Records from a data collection
-*-
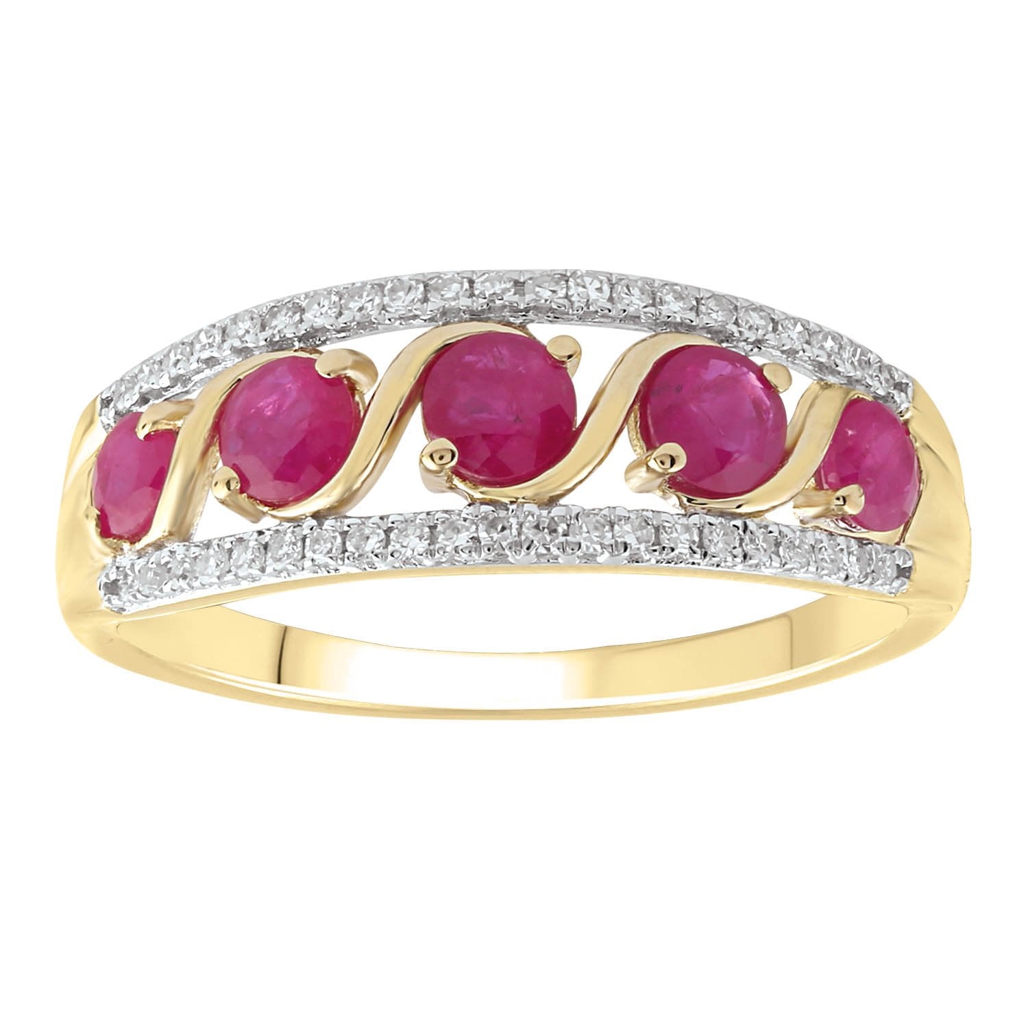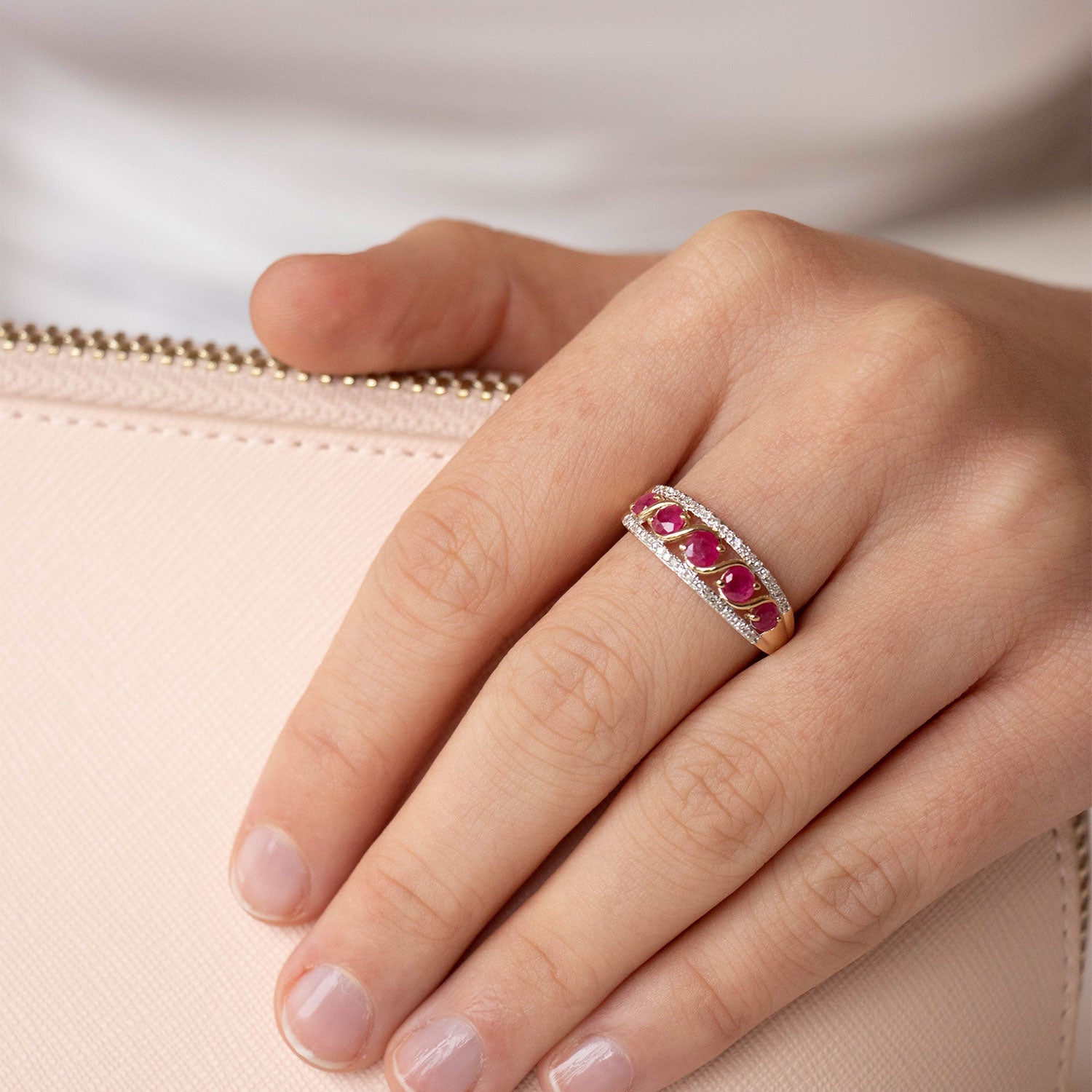 Ruby Ring With 0.15ct Diamonds In 9K Yellow Gold
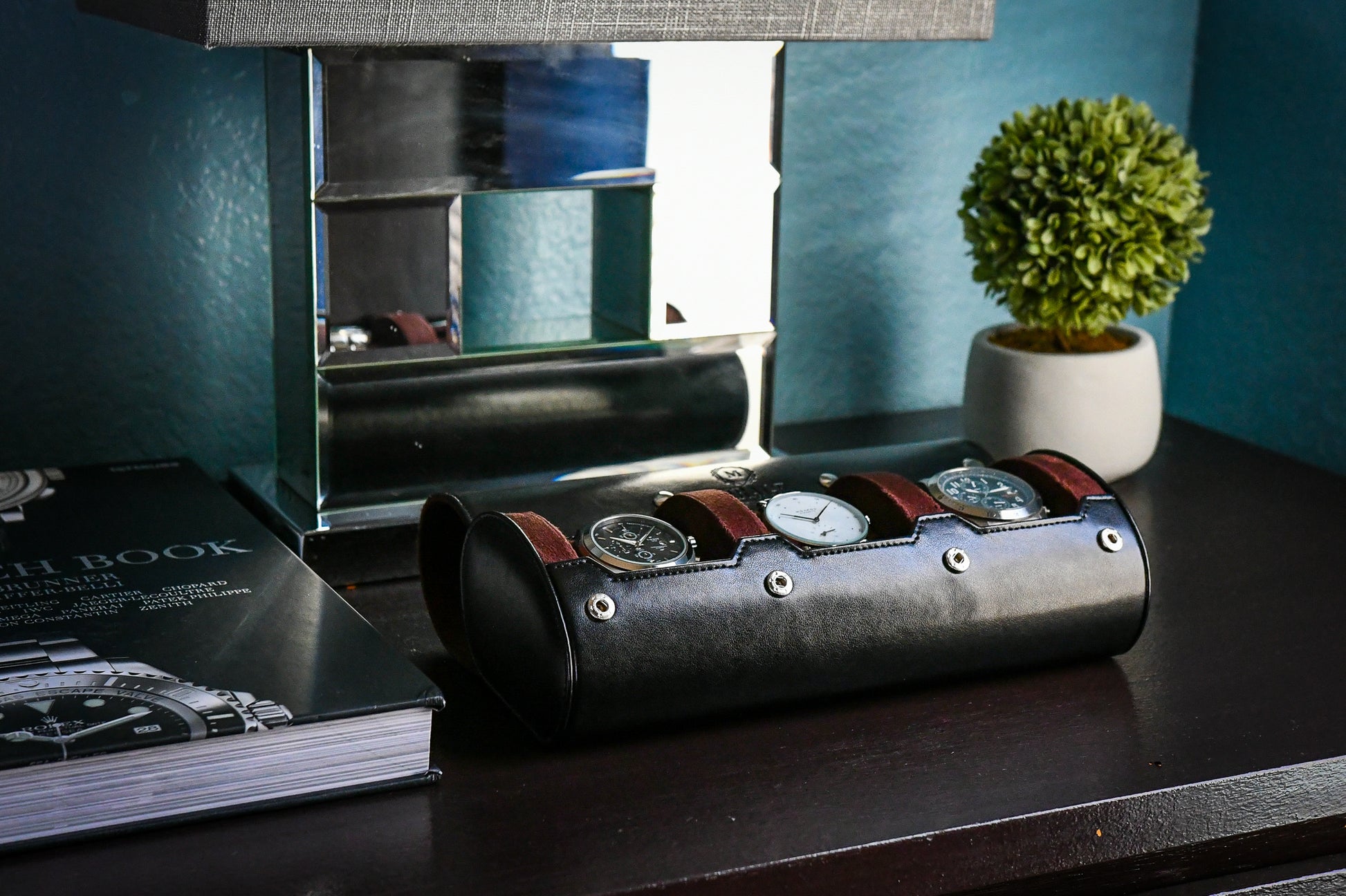 For travel or display, elevate your collection with a case that reflects the sophistication of your most treasured timepieces. The rich Jade black vegan leather offers a subtle yet refined elegance, while the plush suede interior cushions each watch in gentle, protective comfort. Meticulously designed with sliding cushions for effortless access and perfect organization, this case marries timeless style with superior functionality. Delicate accent stitching further enhances its charm, making it an exquisite blend of luxury and practicality.
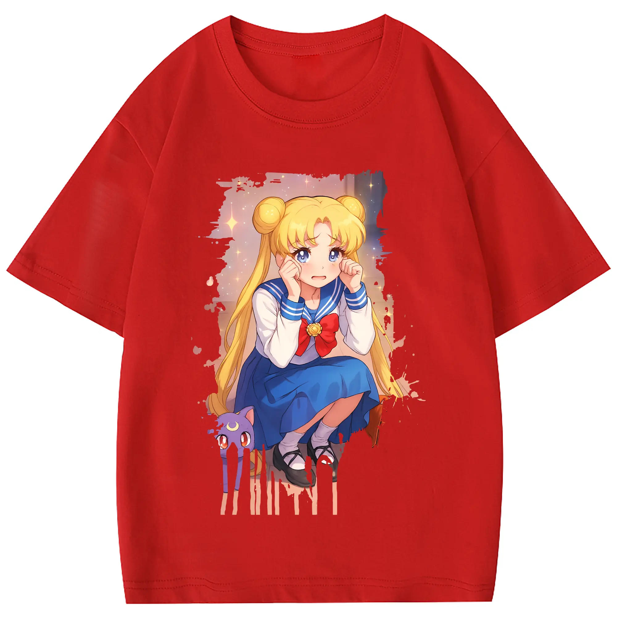 美少女戦士セーラームーン グッズ 月野 うさぎ - 綿100% 半袖Tシャツ ・ フロントプリント ・ 快適 通気性 ・ 日常使い 散歩 スポーツ用
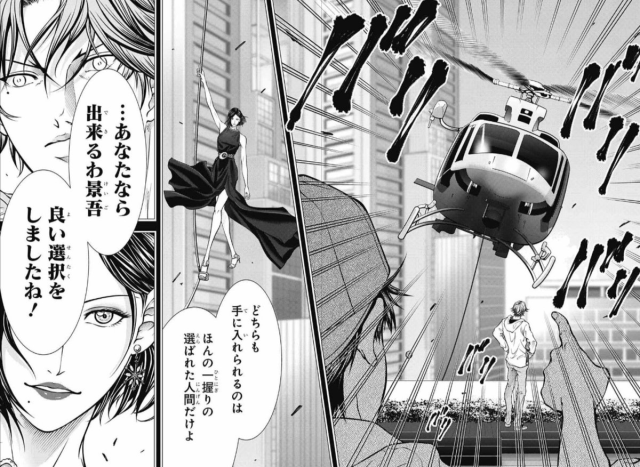 本回的「跡部媽媽」跡部瑛子,雖說 45 歲的設定,以短髮又貴氣的穿著登場,還拉著繩子懸在直升機外,這個潮度...果然是冰帝貴族風範的母親 XD。
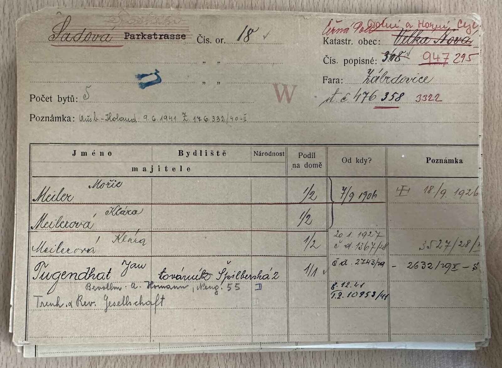 Další příběh z našeho seriálu nás vrátí zpět do okolí Arnoldovy vily. Na Drobného 18 se nachází reprezentativní nájemní dům z roku 1900, jehož původními vlastníky byli manželé Moritz a Klára Meilerovi. Moritze Meilera, obchodníka s oděvy a textilním zbožím, dodnes připomíná dvojice písmen ,,M“ na ozdobné mříži u vstupních dveří do domu z Drobného ulice. Jeho žena Klára byla dcerou Hermanna a Marie Tugendhatových, takže teta Fritze Tugendhata.
-*-
Set down every line above exactly, pictures excluded.

» **ANSWER BOX**
 Ruby Ring With 0.15ct Diamonds In 9K Yellow Gold
 For travel or display, elevate your collection with a case that reflects the sophistication of your most treasured timepieces. The rich Jade black vegan leather offers a subtle yet refined elegance, while the plush suede interior cushions each watch in gentle, protective comfort. Meticulously designed with sliding cushions for effortless access and perfect organization, this case marries timeless style with superior functionality. Delicate accent stitching further enhances its charm, making it an exquisite blend of luxury and practicality.
 美少女戦士セーラームーン グッズ 月野 うさぎ - 綿100% 半袖Tシャツ ・ フロントプリント ・ 快適 通気性 ・ 日常使い 散歩 スポーツ用
 本回的「跡部媽媽」跡部瑛子,雖說 45 歲的設定,以短髮又貴氣的穿著登場,還拉著繩子懸在直升機外,這個潮度...果然是冰帝貴族風範的母親 XD。
 Další příběh z našeho seriálu nás vrátí zpět do okolí Arnoldovy vily. Na Drobného 18 se nachází reprezentativní nájemní dům z roku 1900, jehož původními vlastníky byli manželé Moritz a Klára Meilerovi. Moritze Meilera, obchodníka s oděvy a textilním zbožím, dodnes připomíná dvojice písmen ,,M“ na ozdobné mříži u vstupních dveří do domu z Drobného ulice. Jeho žena Klára byla dcerou Hermanna a Marie Tugendhatových, takže teta Fritze Tugendhata.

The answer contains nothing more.